** Opening Source records block **
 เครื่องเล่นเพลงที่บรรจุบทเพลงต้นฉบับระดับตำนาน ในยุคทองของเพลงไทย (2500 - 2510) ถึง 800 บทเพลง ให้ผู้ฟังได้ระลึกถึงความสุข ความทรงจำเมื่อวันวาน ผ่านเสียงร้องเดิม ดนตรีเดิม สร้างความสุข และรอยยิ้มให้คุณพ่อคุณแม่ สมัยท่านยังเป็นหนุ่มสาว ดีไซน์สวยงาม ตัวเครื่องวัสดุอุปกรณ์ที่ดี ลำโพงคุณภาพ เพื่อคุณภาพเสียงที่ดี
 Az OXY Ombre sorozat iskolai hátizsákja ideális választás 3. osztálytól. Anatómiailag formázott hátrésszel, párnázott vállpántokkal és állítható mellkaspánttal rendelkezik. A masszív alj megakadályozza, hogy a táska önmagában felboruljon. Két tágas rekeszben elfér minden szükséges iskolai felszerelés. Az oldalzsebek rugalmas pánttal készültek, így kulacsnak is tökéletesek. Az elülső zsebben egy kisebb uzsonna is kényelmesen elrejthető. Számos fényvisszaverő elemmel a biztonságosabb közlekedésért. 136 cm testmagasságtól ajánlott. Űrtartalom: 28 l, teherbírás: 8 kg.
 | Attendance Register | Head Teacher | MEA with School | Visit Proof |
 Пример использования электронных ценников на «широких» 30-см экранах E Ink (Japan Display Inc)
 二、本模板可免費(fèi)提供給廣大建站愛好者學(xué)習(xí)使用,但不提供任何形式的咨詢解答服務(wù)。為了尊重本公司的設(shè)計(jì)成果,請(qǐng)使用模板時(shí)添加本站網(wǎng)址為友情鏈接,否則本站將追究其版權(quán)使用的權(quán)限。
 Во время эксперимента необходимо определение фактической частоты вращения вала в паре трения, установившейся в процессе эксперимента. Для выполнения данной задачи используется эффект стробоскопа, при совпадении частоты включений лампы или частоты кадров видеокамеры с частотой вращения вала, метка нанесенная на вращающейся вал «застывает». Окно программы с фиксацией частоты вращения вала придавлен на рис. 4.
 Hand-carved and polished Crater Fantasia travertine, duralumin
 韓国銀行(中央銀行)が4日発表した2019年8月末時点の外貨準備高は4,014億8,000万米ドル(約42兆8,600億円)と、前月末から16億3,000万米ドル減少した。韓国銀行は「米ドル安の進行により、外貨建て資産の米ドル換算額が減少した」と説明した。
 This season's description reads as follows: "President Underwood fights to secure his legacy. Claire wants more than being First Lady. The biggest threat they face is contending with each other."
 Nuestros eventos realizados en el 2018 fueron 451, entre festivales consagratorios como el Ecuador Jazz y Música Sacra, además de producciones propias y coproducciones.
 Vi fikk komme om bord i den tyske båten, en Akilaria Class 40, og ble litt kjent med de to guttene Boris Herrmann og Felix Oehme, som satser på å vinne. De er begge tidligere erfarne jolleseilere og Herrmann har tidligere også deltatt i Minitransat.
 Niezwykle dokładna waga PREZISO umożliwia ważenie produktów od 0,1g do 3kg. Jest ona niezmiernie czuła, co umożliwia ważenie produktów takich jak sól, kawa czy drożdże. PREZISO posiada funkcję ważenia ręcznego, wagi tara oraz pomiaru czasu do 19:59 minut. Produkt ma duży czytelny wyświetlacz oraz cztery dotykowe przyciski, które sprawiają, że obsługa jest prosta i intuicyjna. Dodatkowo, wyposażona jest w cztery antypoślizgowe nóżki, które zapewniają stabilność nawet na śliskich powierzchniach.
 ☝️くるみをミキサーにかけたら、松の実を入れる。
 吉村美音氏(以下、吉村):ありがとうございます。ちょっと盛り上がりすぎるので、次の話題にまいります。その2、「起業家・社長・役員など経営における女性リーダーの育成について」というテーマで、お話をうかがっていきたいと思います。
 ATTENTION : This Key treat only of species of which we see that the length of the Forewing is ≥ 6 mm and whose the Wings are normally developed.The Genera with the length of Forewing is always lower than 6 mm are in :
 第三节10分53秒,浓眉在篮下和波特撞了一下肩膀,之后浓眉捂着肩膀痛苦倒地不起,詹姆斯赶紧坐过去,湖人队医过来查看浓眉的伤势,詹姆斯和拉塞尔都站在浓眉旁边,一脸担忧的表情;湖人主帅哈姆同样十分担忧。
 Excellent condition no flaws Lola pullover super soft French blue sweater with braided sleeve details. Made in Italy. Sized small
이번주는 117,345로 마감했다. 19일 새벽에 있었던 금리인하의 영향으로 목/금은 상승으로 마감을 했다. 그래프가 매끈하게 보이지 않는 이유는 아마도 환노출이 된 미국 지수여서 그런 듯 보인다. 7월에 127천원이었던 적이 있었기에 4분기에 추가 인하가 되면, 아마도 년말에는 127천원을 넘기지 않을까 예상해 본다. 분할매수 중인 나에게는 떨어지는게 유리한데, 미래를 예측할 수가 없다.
** Closing Source records block **
Task item:
Reproduce every entry exactly, with nothing added or dropped.

Written reply:
 เครื่องเล่นเพลงที่บรรจุบทเพลงต้นฉบับระดับตำนาน ในยุคทองของเพลงไทย (2500 - 2510) ถึง 800 บทเพลง ให้ผู้ฟังได้ระลึกถึงความสุข ความทรงจำเมื่อวันวาน ผ่านเสียงร้องเดิม ดนตรีเดิม สร้างความสุข และรอยยิ้มให้คุณพ่อคุณแม่ สมัยท่านยังเป็นหนุ่มสาว ดีไซน์สวยงาม ตัวเครื่องวัสดุอุปกรณ์ที่ดี ลำโพงคุณภาพ เพื่อคุณภาพเสียงที่ดี
 Az OXY Ombre sorozat iskolai hátizsákja ideális választás 3. osztálytól. Anatómiailag formázott hátrésszel, párnázott vállpántokkal és állítható mellkaspánttal rendelkezik. A masszív alj megakadályozza, hogy a táska önmagában felboruljon. Két tágas rekeszben elfér minden szükséges iskolai felszerelés. Az oldalzsebek rugalmas pánttal készültek, így kulacsnak is tökéletesek. Az elülső zsebben egy kisebb uzsonna is kényelmesen elrejthető. Számos fényvisszaverő elemmel a biztonságosabb közlekedésért. 136 cm testmagasságtól ajánlott. Űrtartalom: 28 l, teherbírás: 8 kg.
 | Attendance Register | Head Teacher | MEA with School | Visit Proof |
 Пример использования электронных ценников на «широких» 30-см экранах E Ink (Japan Display Inc)
 二、本模板可免費(fèi)提供給廣大建站愛好者學(xué)習(xí)使用,但不提供任何形式的咨詢解答服務(wù)。為了尊重本公司的設(shè)計(jì)成果,請(qǐng)使用模板時(shí)添加本站網(wǎng)址為友情鏈接,否則本站將追究其版權(quán)使用的權(quán)限。
 Во время эксперимента необходимо определение фактической частоты вращения вала в паре трения, установившейся в процессе эксперимента. Для выполнения данной задачи используется эффект стробоскопа, при совпадении частоты включений лампы или частоты кадров видеокамеры с частотой вращения вала, метка нанесенная на вращающейся вал «застывает». Окно программы с фиксацией частоты вращения вала придавлен на рис. 4.
 Hand-carved and polished Crater Fantasia travertine, duralumin
 韓国銀行(中央銀行)が4日発表した2019年8月末時点の外貨準備高は4,014億8,000万米ドル(約42兆8,600億円)と、前月末から16億3,000万米ドル減少した。韓国銀行は「米ドル安の進行により、外貨建て資産の米ドル換算額が減少した」と説明した。
 This season's description reads as follows: "President Underwood fights to secure his legacy. Claire wants more than being First Lady. The biggest threat they face is contending with each other."
 Nuestros eventos realizados en el 2018 fueron 451, entre festivales consagratorios como el Ecuador Jazz y Música Sacra, además de producciones propias y coproducciones.
 Vi fikk komme om bord i den tyske båten, en Akilaria Class 40, og ble litt kjent med de to guttene Boris Herrmann og Felix Oehme, som satser på å vinne. De er begge tidligere erfarne jolleseilere og Herrmann har tidligere også deltatt i Minitransat.
 Niezwykle dokładna waga PREZISO umożliwia ważenie produktów od 0,1g do 3kg. Jest ona niezmiernie czuła, co umożliwia ważenie produktów takich jak sól, kawa czy drożdże. PREZISO posiada funkcję ważenia ręcznego, wagi tara oraz pomiaru czasu do 19:59 minut. Produkt ma duży czytelny wyświetlacz oraz cztery dotykowe przyciski, które sprawiają, że obsługa jest prosta i intuicyjna. Dodatkowo, wyposażona jest w cztery antypoślizgowe nóżki, które zapewniają stabilność nawet na śliskich powierzchniach.
 ☝️くるみをミキサーにかけたら、松の実を入れる。
 吉村美音氏(以下、吉村):ありがとうございます。ちょっと盛り上がりすぎるので、次の話題にまいります。その2、「起業家・社長・役員など経営における女性リーダーの育成について」というテーマで、お話をうかがっていきたいと思います。
 ATTENTION : This Key treat only of species of which we see that the length of the Forewing is ≥ 6 mm and whose the Wings are normally developed.The Genera with the length of Forewing is always lower than 6 mm are in :
 第三节10分53秒,浓眉在篮下和波特撞了一下肩膀,之后浓眉捂着肩膀痛苦倒地不起,詹姆斯赶紧坐过去,湖人队医过来查看浓眉的伤势,詹姆斯和拉塞尔都站在浓眉旁边,一脸担忧的表情;湖人主帅哈姆同样十分担忧。
 Excellent condition no flaws Lola pullover super soft French blue sweater with braided sleeve details. Made in Italy. Sized small
이번주는 117,345로 마감했다. 19일 새벽에 있었던 금리인하의 영향으로 목/금은 상승으로 마감을 했다. 그래프가 매끈하게 보이지 않는 이유는 아마도 환노출이 된 미국 지수여서 그런 듯 보인다. 7월에 127천원이었던 적이 있었기에 4분기에 추가 인하가 되면, 아마도 년말에는 127천원을 넘기지 않을까 예상해 본다. 분할매수 중인 나에게는 떨어지는게 유리한데, 미래를 예측할 수가 없다.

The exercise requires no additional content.